Year-end chart performance for "A Deeper Love"
| Chart (1994) | Position |
|---|---|
| UK Singles (OCC) | 100 |
| UK Airplay (Music Week) | 29 |
| UK Club Chart (Music Week) | 25 |
| US Hot Dance Music Club/Play (Billboard) | 4 |
| US Maxi-Singles Sales (Billboard) | 16 |

==What Can We Do (A Deeper Love)==

"What Can We Do (A Deeper Love)" is a song by Dutch disc jockey and producer Tiësto with uncredited vocals from American singer Anastacia. It was released on December 27, 2011, in the Netherlands. It is the second single from the Tiësto mixed compilation Club Life, Vol. 2 - Miami. But, it's the Third Party remix of the song which is included in the album.

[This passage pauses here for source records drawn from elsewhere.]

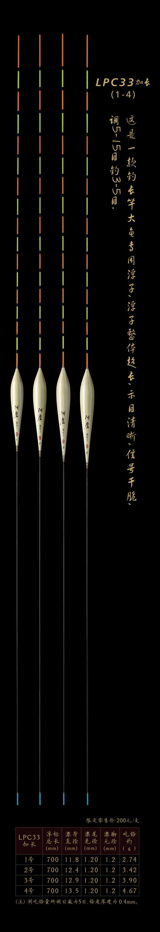 LPC33加長:釣長竿大魚專用浮子,浮子整體超長,示目清晰,信號干脆,調(diào)5—15目釣3—5目。
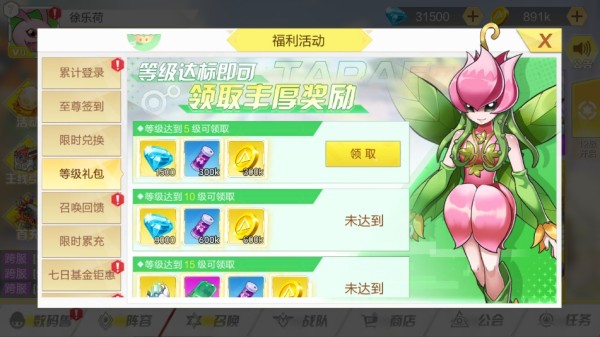 2、等级达标即可领取丰厚奖励
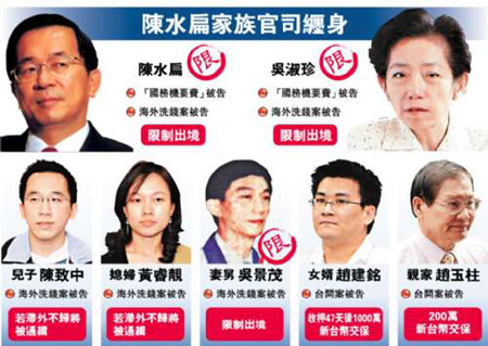 陳由豪對陳水扁“黑金疑云”開出關鍵第一槍之后,引發多米諾骨牌效應,接下來的四年,每次陳家曝光新的貪腐丑聞,臺灣老百姓都被嚇得目瞪口呆。陳水扁2004年連任后實行財產信托,申報財產從1994年任臺北市長前的1000萬元,飆漲到2003年底的7000萬元,股票市值從最初的55萬增至3億多元;2004年,媒體爆出吳淑珍收受SOGO百貨總值880萬元購物禮券,介入SOGO經營權爭奪戰;2006年5月,陳水扁的女婿趙建銘被指控涉嫌臺開股票內線交易;2006年6月,吳淑珍卷入“國務機要費案”。
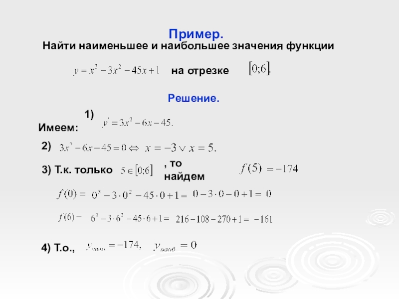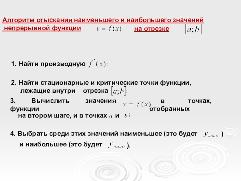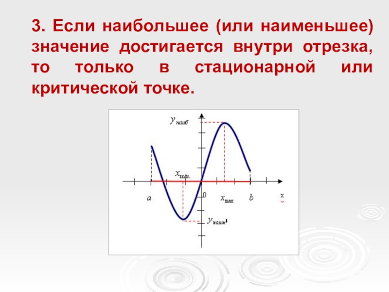 3. Если наибольшее (или наименьшее) значение достигается внутри отрезка, то только в стационарной или критической точке.
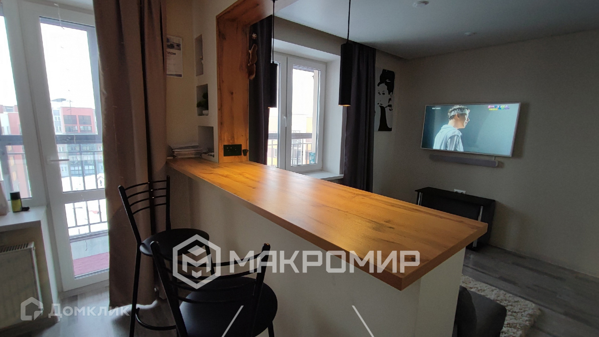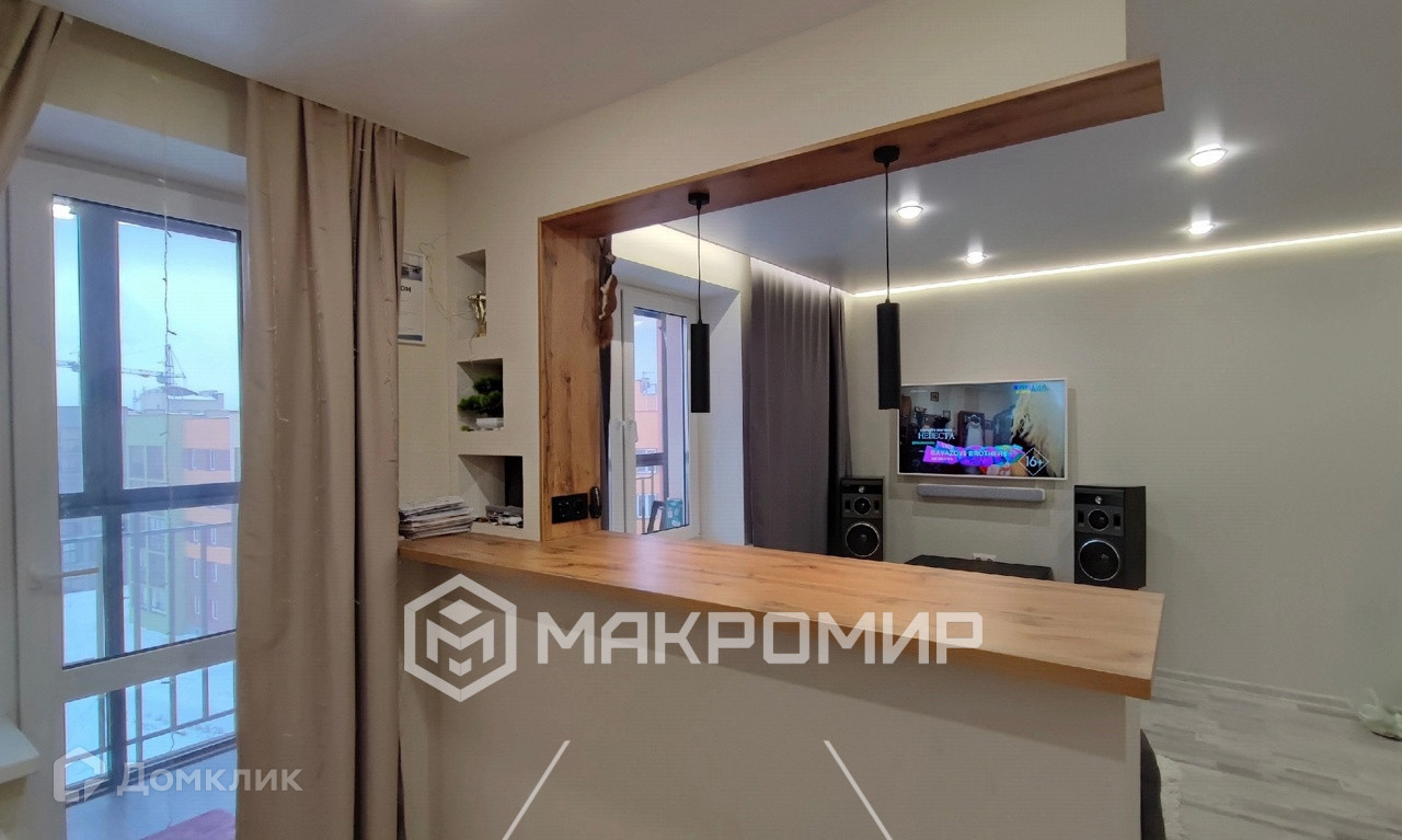 ЖК Знак. 31м2. Сделана под студию, зонирована по дизайн проекту барной стойкой.
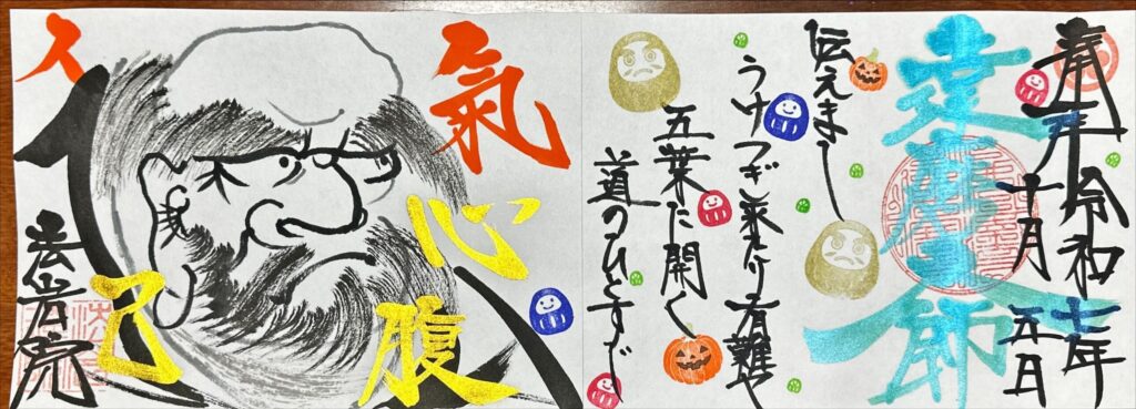 10月5日は達磨大師の命日です。今日では『だるまさん』などと呼ばれ、縁起物の手足のない姿の像がイメージされたり、『だるまさんが転んだ』という遊びなどで老若男女問わず、慕われています。そんな達磨大師はインドからお釈迦様の禅の教えを中国に伝えにやってこられた僧侶なのです。中国での達磨大師の行実は数多く伝えられいます。今回の御朱印テーマになっている『廓然無聖』という言葉も当時の中国の皇帝、武帝との禅問答に出た言葉です。達磨大師から五代の祖師方を経て、禅宗の教えは「五葉」五つの門葉に分かれ、そのひとつが私たち曹洞宗となったのです。今月は禅宗の初祖とされる達磨大師にお慕い、ご供養させて頂きます。
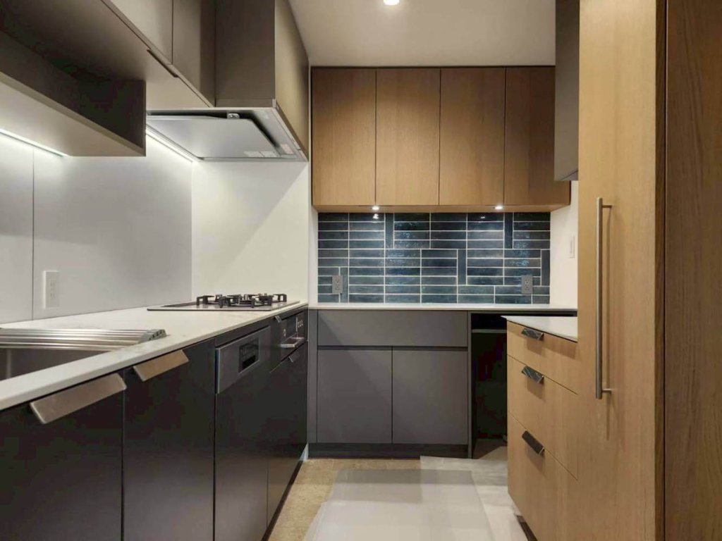 大型シンクと60センチ幅の食洗器と3口のガスコンロが入るキッチンカウンターもセットされました。こちらの甲板はスペイン産のデクトン(コセンティーノ社)のものとなります。

===Background and release===
Tiësto and Anastacia sampled the Aretha Franklin version of "A Deeper Love" to use the chorus in their song. The song was featured in commercials for Škoda Auto. Anastacia later released a solo version during the summer of 2012.

===Music video===
The music video premiered on Tiësto's official YouTube channel on January 20, 2012.

===Track listing===
- Digital download (MF038)
1. "What Can We Do (A Deeper Love)" (Radio Mix) – 3:48
2. "What Can We Do (A Deeper Love)" (Third Party Remix) – 6:26
3. "What Can We Do (A Deeper Love)" (Extended Mix) – 5:56

- Digital download / Anastacia's 2012 solo pop version (BMG)
4. "What Can We Do (Deeper Love)" – 3:26

==Other cover versions==
- In 2012 the EDM band Apollo 440 released a version of the song titled "A Deeper Dub" on their album "The Future's What It Used To Be".
- In 2015 house producer Jauz released a remake of the song. With no additional vocals, just a change of genre.
- In 2017, Riton, MNEK, & The House Gospel Choir covered the chorus in their track "Deeper."
- In 2018, Berlin based producer and composer Tinush used Aretha's vocal samples to produce his version "Struggle".
- In 2019, Melanie C performed the song on her global Pride tour.